**Exercise data:**
###
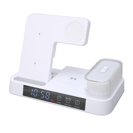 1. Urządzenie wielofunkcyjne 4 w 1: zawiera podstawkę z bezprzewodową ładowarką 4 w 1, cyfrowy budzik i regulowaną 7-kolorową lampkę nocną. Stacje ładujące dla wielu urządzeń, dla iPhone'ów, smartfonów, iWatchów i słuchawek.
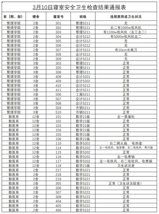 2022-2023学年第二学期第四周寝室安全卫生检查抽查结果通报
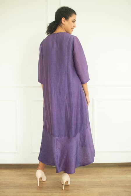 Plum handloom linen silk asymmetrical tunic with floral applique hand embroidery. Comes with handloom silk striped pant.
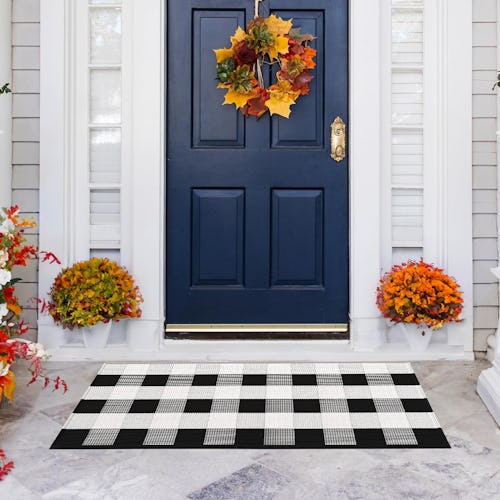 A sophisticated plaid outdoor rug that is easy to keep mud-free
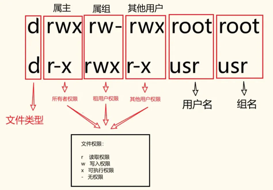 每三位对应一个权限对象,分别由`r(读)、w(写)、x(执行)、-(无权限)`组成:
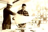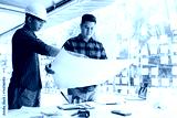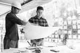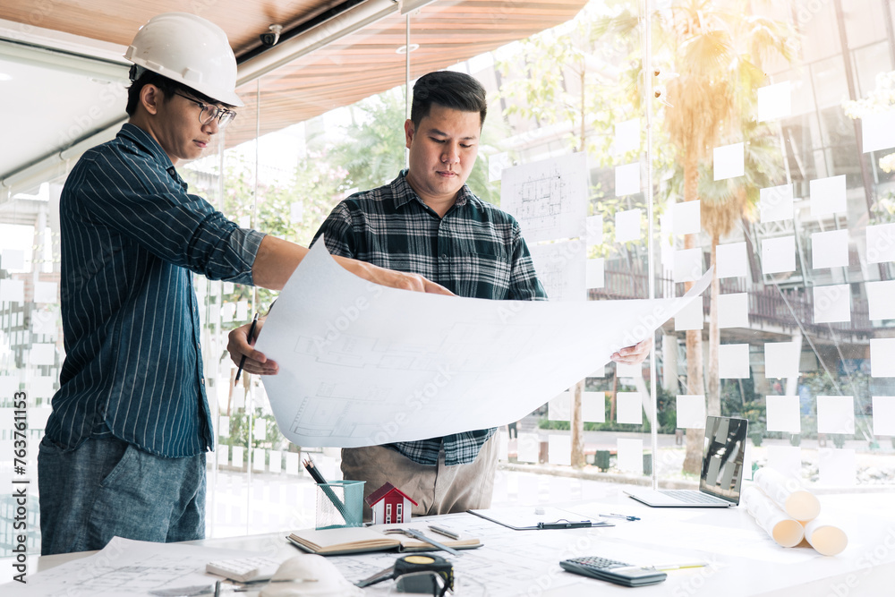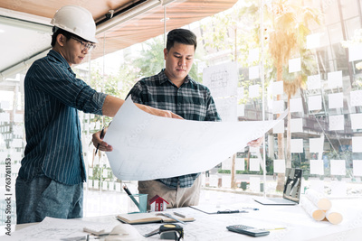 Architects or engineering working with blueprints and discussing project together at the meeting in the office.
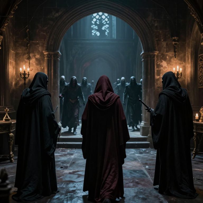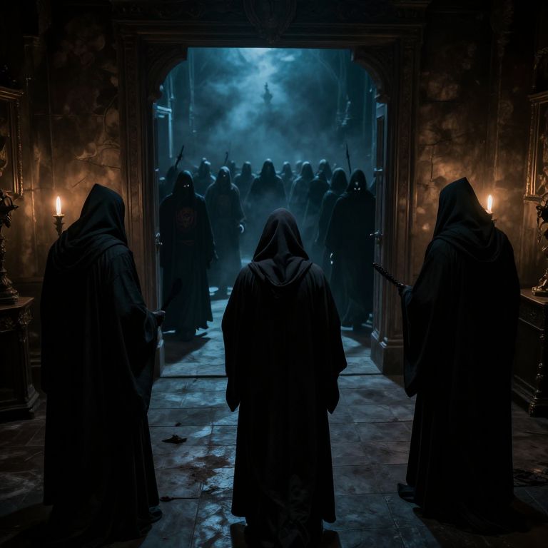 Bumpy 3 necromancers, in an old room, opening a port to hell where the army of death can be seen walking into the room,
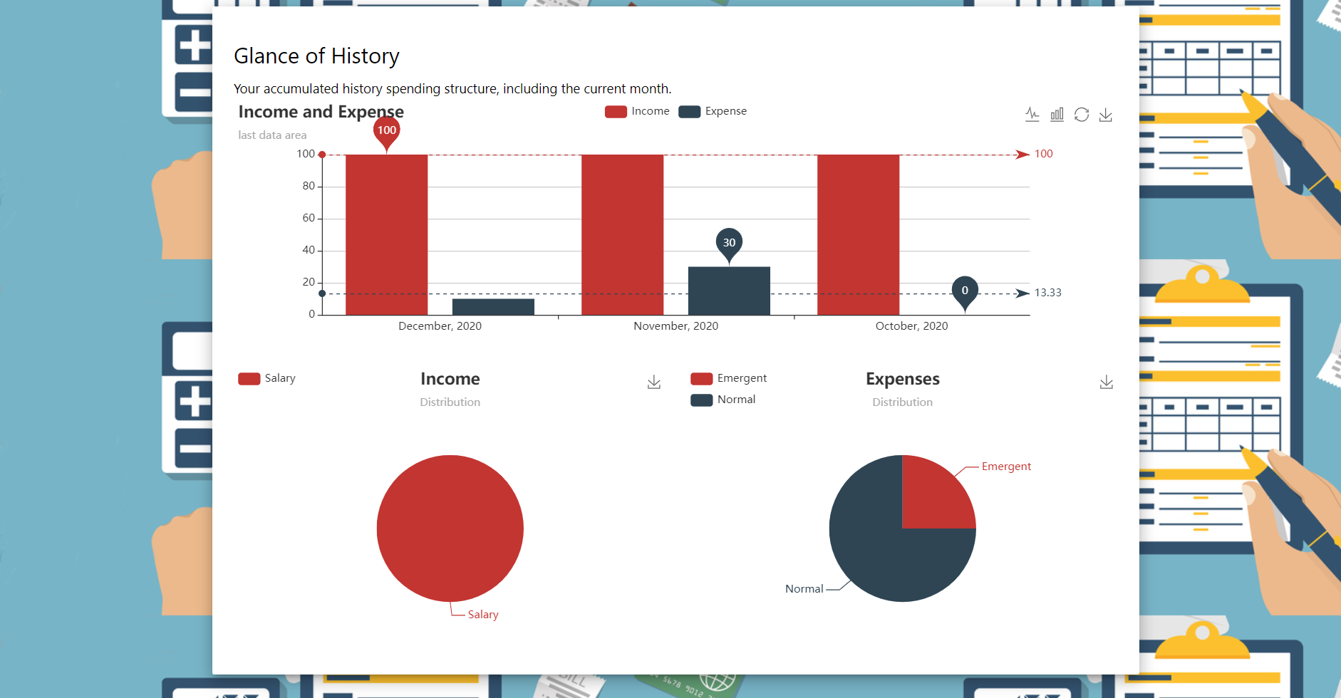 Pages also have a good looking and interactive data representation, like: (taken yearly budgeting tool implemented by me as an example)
###
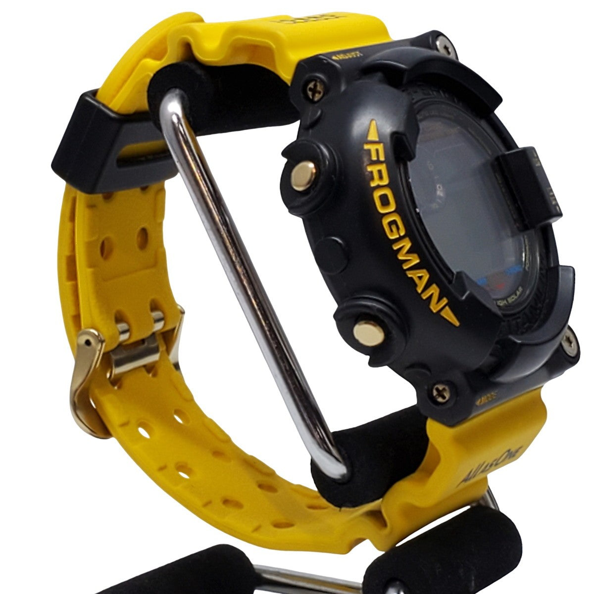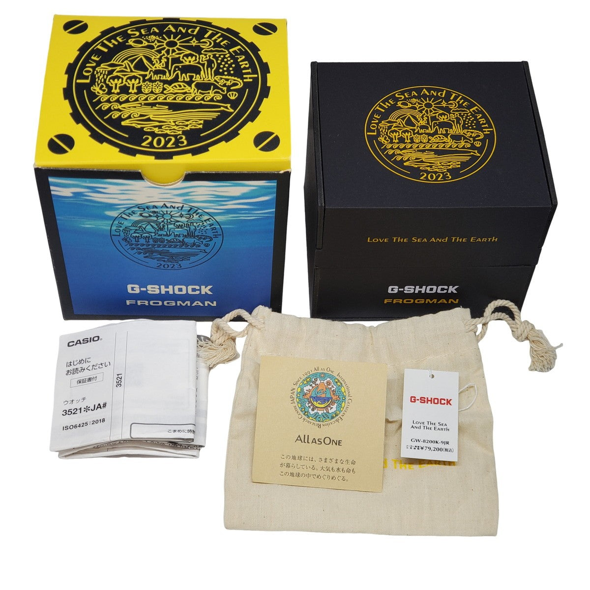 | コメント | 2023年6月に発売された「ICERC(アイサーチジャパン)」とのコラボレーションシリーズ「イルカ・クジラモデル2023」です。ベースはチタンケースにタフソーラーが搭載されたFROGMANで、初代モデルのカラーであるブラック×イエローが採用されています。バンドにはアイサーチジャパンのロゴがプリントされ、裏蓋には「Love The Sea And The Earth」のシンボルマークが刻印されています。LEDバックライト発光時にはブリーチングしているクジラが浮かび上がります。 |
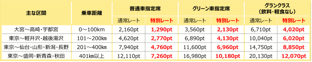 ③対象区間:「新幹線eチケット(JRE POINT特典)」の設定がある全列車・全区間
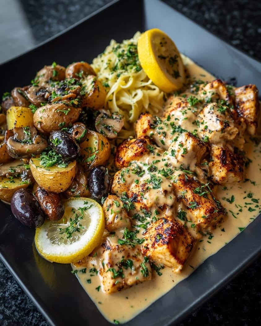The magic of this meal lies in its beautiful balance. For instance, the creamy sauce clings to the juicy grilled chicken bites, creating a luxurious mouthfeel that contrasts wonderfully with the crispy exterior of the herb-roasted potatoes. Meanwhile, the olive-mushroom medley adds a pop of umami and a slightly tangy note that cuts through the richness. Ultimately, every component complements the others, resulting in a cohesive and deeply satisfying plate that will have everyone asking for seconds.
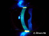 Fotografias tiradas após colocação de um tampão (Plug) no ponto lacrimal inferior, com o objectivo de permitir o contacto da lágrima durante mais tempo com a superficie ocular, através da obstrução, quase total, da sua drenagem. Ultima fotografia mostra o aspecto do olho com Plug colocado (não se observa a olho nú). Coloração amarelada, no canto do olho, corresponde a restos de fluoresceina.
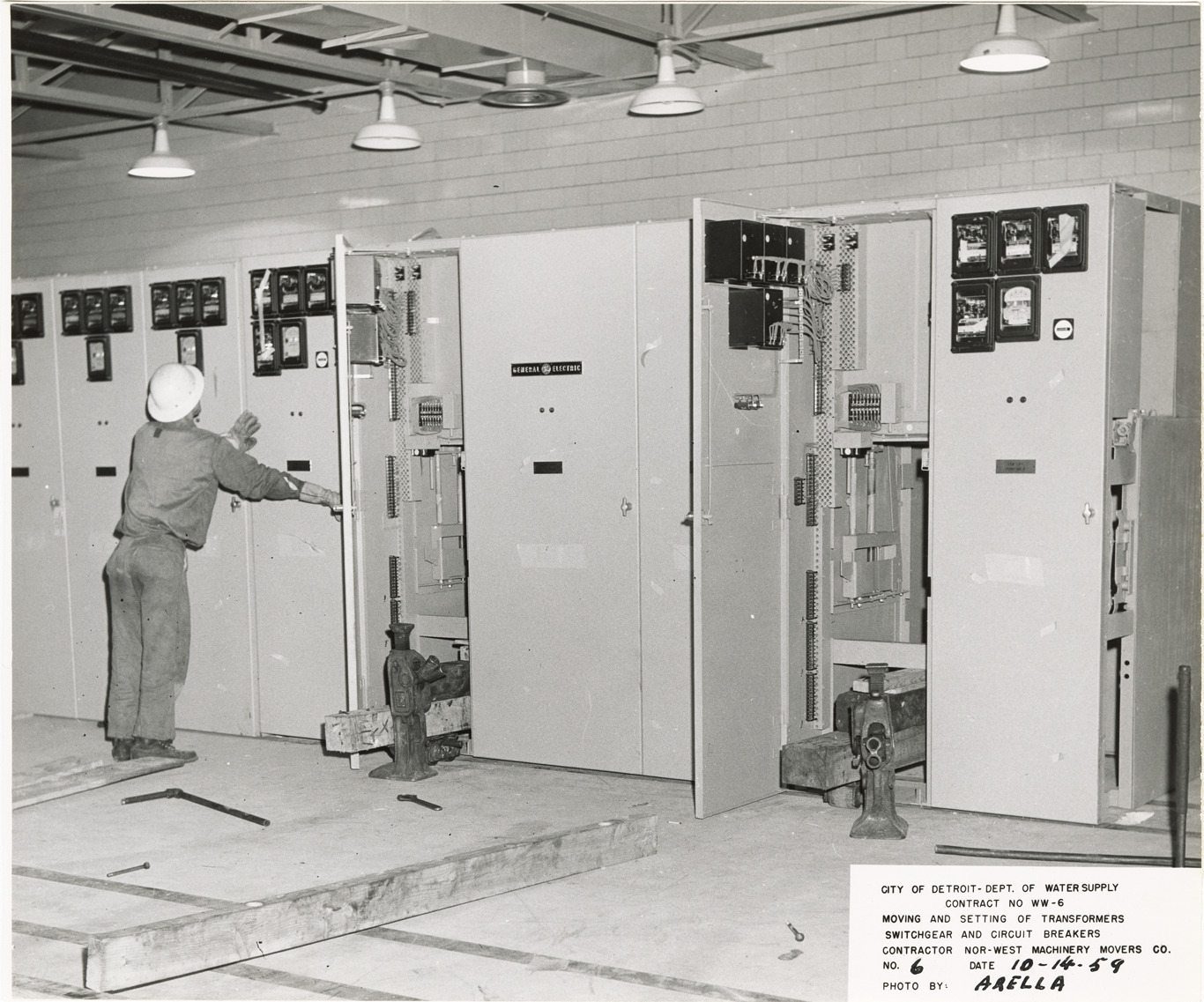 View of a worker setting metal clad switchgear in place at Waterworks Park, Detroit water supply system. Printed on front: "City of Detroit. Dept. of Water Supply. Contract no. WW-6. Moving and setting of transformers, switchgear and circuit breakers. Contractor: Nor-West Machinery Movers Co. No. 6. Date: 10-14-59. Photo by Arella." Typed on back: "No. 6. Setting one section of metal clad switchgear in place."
###
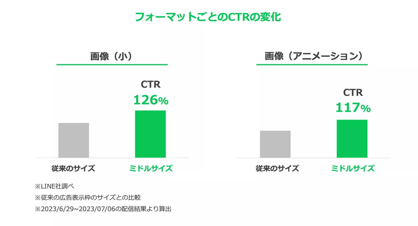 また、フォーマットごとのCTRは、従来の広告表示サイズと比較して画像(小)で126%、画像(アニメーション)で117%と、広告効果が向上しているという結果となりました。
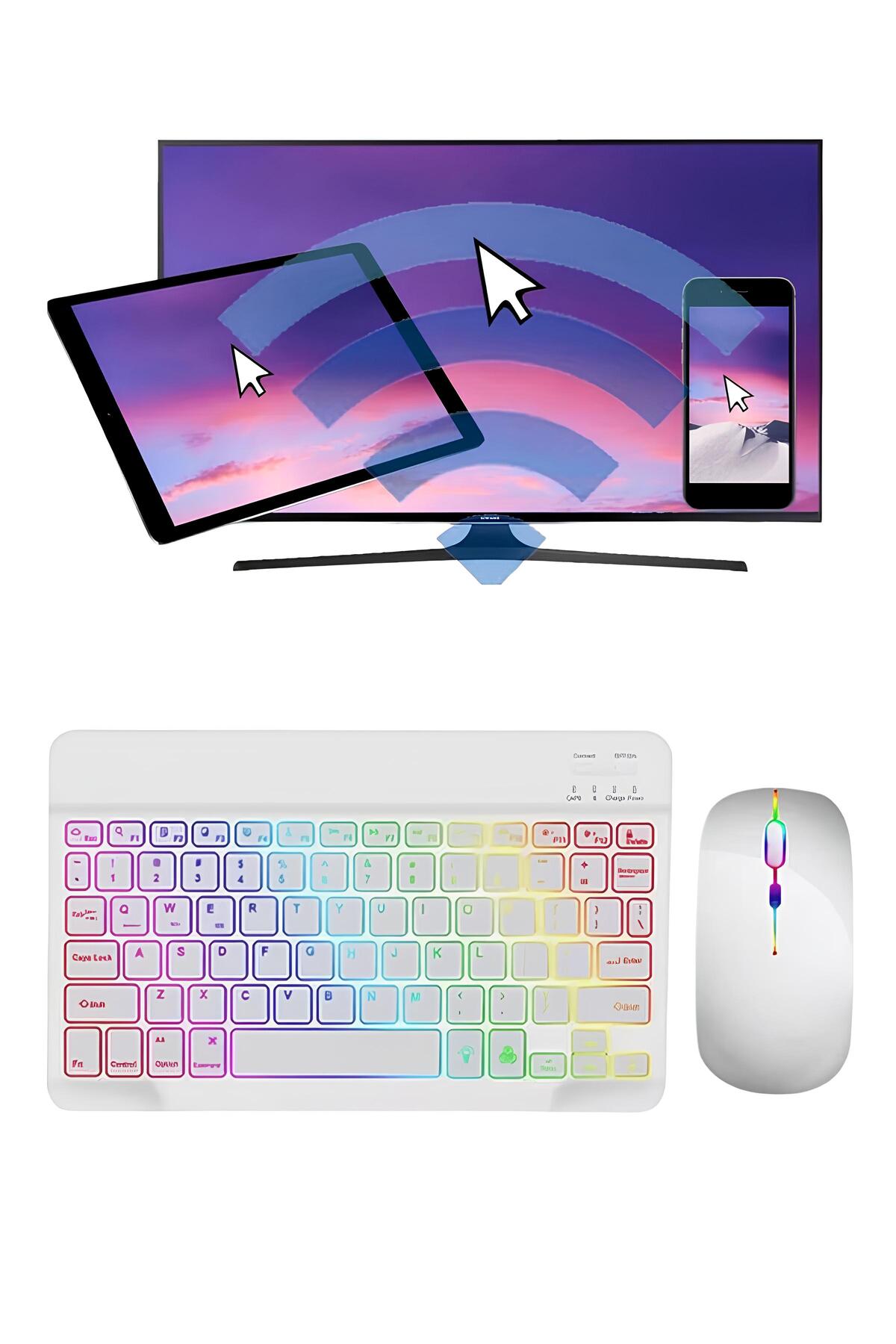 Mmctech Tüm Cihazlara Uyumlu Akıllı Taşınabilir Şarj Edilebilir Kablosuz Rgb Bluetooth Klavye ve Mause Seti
###
**What to do:** Copy nothing but the lines above from the one with "The magic of" to the one with "View of a worker", inclusive, word for word. Leave every picture out.

**Solution for this problem:**
The magic of this meal lies in its beautiful balance. For instance, the creamy sauce clings to the juicy grilled chicken bites, creating a luxurious mouthfeel that contrasts wonderfully with the crispy exterior of the herb-roasted potatoes. Meanwhile, the olive-mushroom medley adds a pop of umami and a slightly tangy note that cuts through the richness. Ultimately, every component complements the others, resulting in a cohesive and deeply satisfying plate that will have everyone asking for seconds.
 Fotografias tiradas após colocação de um tampão (Plug) no ponto lacrimal inferior, com o objectivo de permitir o contacto da lágrima durante mais tempo com a superficie ocular, através da obstrução, quase total, da sua drenagem. Ultima fotografia mostra o aspecto do olho com Plug colocado (não se observa a olho nú). Coloração amarelada, no canto do olho, corresponde a restos de fluoresceina.
 View of a worker setting metal clad switchgear in place at Waterworks Park, Detroit water supply system. Printed on front: "City of Detroit. Dept. of Water Supply. Contract no. WW-6. Moving and setting of transformers, switchgear and circuit breakers. Contractor: Nor-West Machinery Movers Co. No. 6. Date: 10-14-59. Photo by Arella." Typed on back: "No. 6. Setting one section of metal clad switchgear in place."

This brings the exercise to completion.